Wednesday, October 7, 2009

UPDATES

Our month in China was amazing, read Michael's blog for more detailed adventures.

After a (too quick) layover in Bangkok, we have entered our first few days in India. We landed in Thursday afternoon in Calcutta. Although it lived up to its reputation for of extreme poverty and chaos, there were parts of the city which I found almost endearing. The whole city had an almost post apocalyptic vibe to me. There were tons of beautiful 19th century British buildings, but none of them have been maintained, so they are now dirty and dilapidated. This once great capitol is now overgrown with tropical jungle plants, and the streets and buildings seem to all be slowly crumbling. Great murders of crows added an almost Hitchcock feel.



That's not to say that I was not deeply moved by the poverty here. It is very sobering to see so many destitute in the streets making homes of garbage. However, I do think I was slightly more prepared for India's 3rd world-ness than Michael was. The first time I visited China was in 1995. Although China's economy was on the rise, there was still no significant expat scene, no backpacker hostels, and certainly no western style toilets. In addition, my first visit was not to one of the quickly developing cities of Beijing or Shanghai, but to Chengdu, which is basically the last Han Chinese city before the autonomous regions of the west. Only in the last few years has Chengdu seen more Western travelers, mostly on their way to Tibet or other rural areas of China's southwest. Although the poverty was probably not as bad as in Calcutta, I still remember being shocked and moved by all of the disfigured and mentally ill who slept on the streets. It was also not uncommon for beggars to aggressively stick their hands in taxis and ask for money or for orphan children to hold on to your legs until you gave them a few coins. In later visits, this became less and less visible, and it wasn't until we arrived in India that I realized beggars in China seemed nearly nonexistent on our trip (although I question whether they have actually been helped or the government has simply hidden them...).
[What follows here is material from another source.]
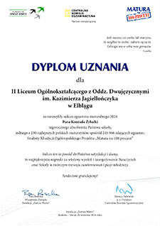 Miło nam pionformować, że zeszłoroczny maturzysta Konrad Żyhałko uzyskał tytuł finalisty XI edycji Ogólnopolskiego Projektu "Matura na 100 procent".
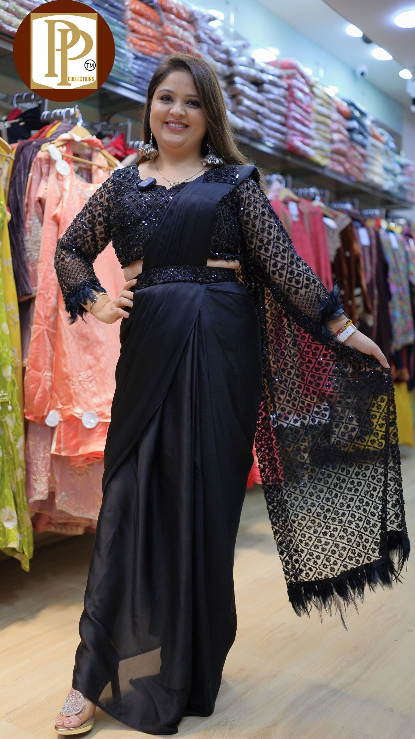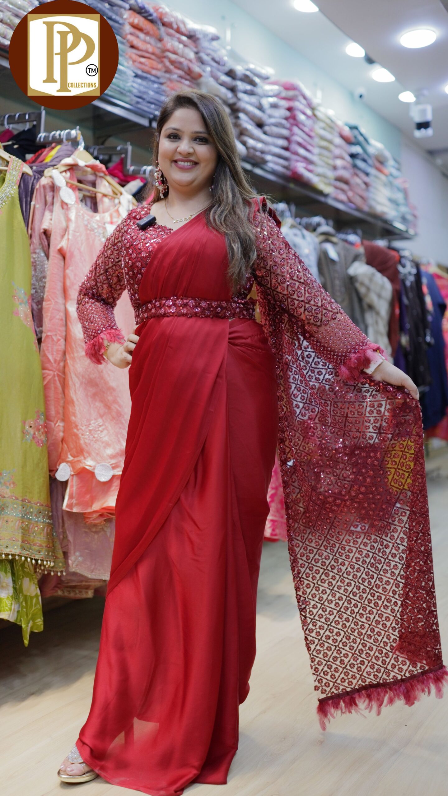Description : 3pcs Skirt Set Fabric Type : Crepe Style : Drape Saree Work Type : Full Heavy Sippy Work On Blouse & Pala With Matching Balt.

So, all in all, I found Calcutta intense, wild, but intriguing, and although I might not choose to go back there, it wouldn't be the worst thing in the world. In fact, our last night we saw an amazing musical performance, which would have made me really start liking the city if I hadn't ended the night with my head in the toilet AGAIN.
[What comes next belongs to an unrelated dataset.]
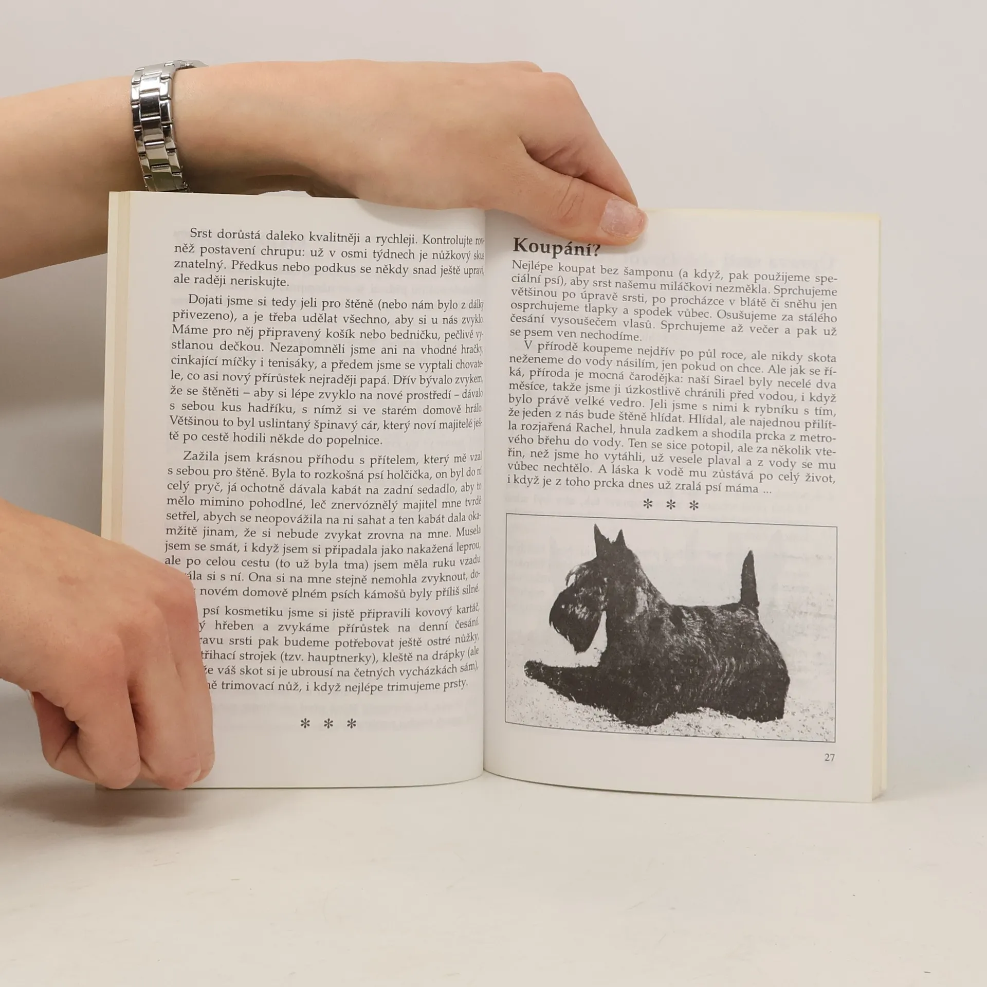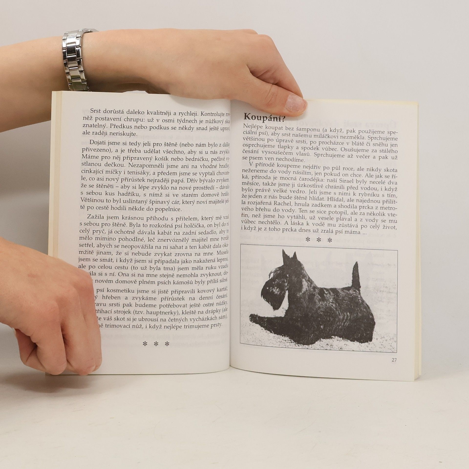 Nabízí rady týkající se výběru štěněte, návštěvy veterináře, koupání a úpravy srsti, vztahu psa k dětem, aj. Pozornost věnuje zejména otázkám chovu: krytí, porod, vývoj štěňat a vhodné krmení, sociabilita. Úvodní kapitoly se zabývají původem plemene skotský teriér a jeho historií, počátky čistokrevného chovu. Následuje popis typické tělesné stavby, charakteristika vystavování (druhy výstav, rozdělení psů do tříd, jarní svody loveckých psů). Kniha je psána osobním tónem, mimořádně čtivou a zábavnou formou (včetně veselých příhod ze života se skotským teriérem), je však také informativní. Nechybí četné ilustrace - vtipné obrázky, černobílé i barevné fotografie.... celý text

Now, after our first Indian overnight sleeper train and a very rough 4 hour jeep ride, we are finally in our hotel in Darjeeling. It is much more laid back here, and the scenery is incredible. Sadly, Michael and I both seem to be suffering from pretty bad stomach infections, but I suppose these are common in new places. I am ecstatic to have the chance to go into the Himalayas, though, as it has been a wish of mine since my first trip to the Rubin Museum a few years ago. Truly a dream come true.